Last week British Airways emailed about the possible strike that their crew is threatening to have--well, it looks like they're having it. Every flight from Paris to Boston on Friday has been cancelled except for mine. How's that for fate, or luck, or what have you? I guess I'm meant to leave after all. I've been saying to my parents this entire semester that I'm going to return, and I've asked as many people as possible to describe their expat lives here in Paris, but while writing this post I'm only a mere 80% sure that I'll actually live here after graduation. That might sound like a lot, but I need some definite answers to cling to as I board my plane to the States. There are a lot of options for me to choose from--there's being an au pair, there's working for NYU, there's getting my masters at the University of Paris...I've done my research. But the thought of leaving again for not a semester, but possibly years, is daunting. I'm thinking too far ahead. Hell, I don't even know what I'm doing this summer!
I went to Amsterdam with Amelie and Maria on Tuesday morning, and we returned to Paris Thursday night. It was amazing. I had the best pad thai in the entire world, ate a warm belgian waffle covered in chocolate, actually had to pay for my water at restaurants (I forgot that not everywhere is it illegal to refuse to give people tap water--it makes me love France and the US), bought tulips at the flower market, drank ICED coffee to go (both ice and "to go" are foreign concepts in France), went into every single cute bookstore we saw, went vintage shopping (something that I never do in New York but actually liked here), napped in the park under the sun, went to the Anne Frank house, paid the vultures at the Van Gogh museum a whole 14 euro to get in, and pretty much walked around the entire city. One thing that I refused to do though: ride a bike. You know me and bikes--I love them. I rode one for five days.

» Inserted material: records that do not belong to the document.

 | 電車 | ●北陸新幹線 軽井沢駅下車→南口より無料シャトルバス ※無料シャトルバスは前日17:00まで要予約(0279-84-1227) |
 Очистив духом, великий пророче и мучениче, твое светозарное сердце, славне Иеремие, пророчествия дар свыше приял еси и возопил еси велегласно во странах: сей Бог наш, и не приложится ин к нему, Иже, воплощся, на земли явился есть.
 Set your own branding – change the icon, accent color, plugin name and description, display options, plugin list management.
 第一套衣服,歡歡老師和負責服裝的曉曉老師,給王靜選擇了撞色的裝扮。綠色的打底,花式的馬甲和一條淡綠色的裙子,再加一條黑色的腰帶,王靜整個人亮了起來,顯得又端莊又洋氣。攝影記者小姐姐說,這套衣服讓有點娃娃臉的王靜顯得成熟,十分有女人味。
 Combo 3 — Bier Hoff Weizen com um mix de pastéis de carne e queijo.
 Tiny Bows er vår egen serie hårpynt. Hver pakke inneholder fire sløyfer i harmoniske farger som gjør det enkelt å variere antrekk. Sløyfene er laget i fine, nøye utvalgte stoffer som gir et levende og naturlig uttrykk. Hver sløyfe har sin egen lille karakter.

I rode my bike with Ece in New York a couple times last semester. But I absolutely hated the bikers in Amsterdam. Never in a city have I felt so unwanted as a pedestrian. That might sound weird to people who have never been there, but you can pretty much walk the entire place, and yet I never knew if a sidewalk was really a street or a bike path or whatnot, and I was constantly in danger of getting run over by bikes or cars or trams. Every time I heard that little bell behind me coming from the biker, I wanted to throw that person off their bike. The first day I had no doubt that I would get run over on that trip. By day three I stopped looking before I crossed the street because I wanted to take back my pedestrian pride that I've gained in both New York and in Paris. I'm used to getting the right-of-way--taxis hate me in New York for demanding that right. But in Amsterdam, it felt like the bikers were an infestation. Of course I'm being overdramatic, but that's just why I stubbornly refused to ride a bike, something that everyone says you have to do if you visit.

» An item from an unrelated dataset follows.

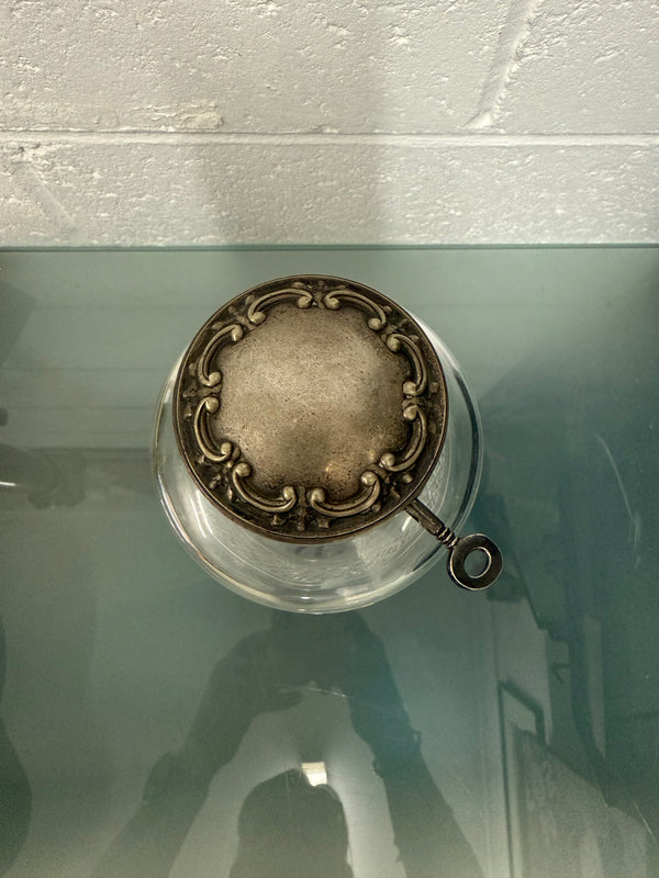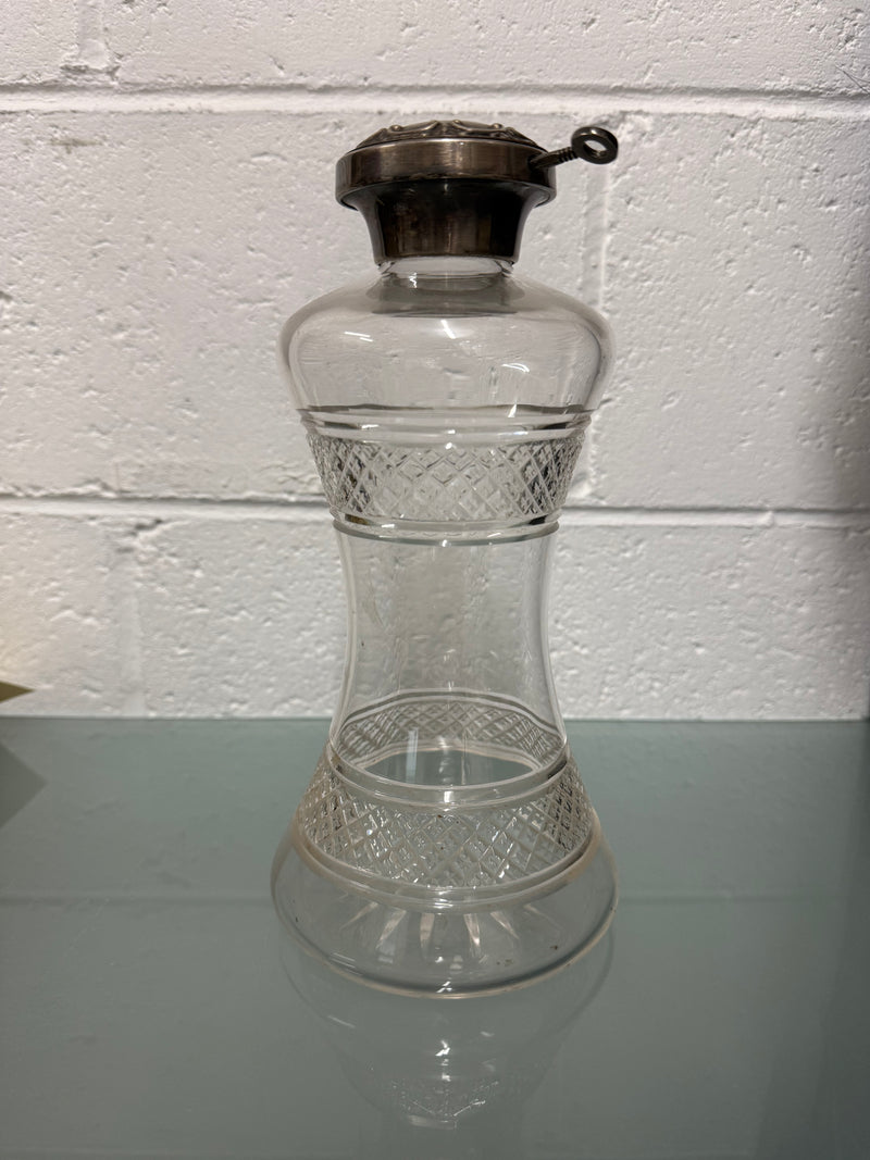 Rare Edwardian Single Bottle Tantalus With Key Silver Plated Top

The city is beautiful, though. I'll give it that. Amelie and I figured out how to describe it in two ways: the first is that every street looks like it could be Main Street of a small New England town. The second is that it takes all the perfect, quaint parts of Boston and puts them into one city. It's quaint but metropolitan. And the people there are just freakishly nice. Of course I loved it, and I had to admit that it was a drastic change from Parisians, but as Amelie and Maria were reveling in their kindness, I felt like I had to stick up for the French. Sure, they're not as bubbly as the Dutch, or smile as much, and they don't do as many outward acts of kindness to strangers, especially tourists, but that's just their charm. They're fun and combative and you have to get in their good graces. It's like the differences between Northerners and Southerners. Being a proud Northerner, you see why I'd choose the Parisians. But I want someone to live in Amsterdam so that while I'm in Paris I can go visit--I loved it enough that I'd definitely go back.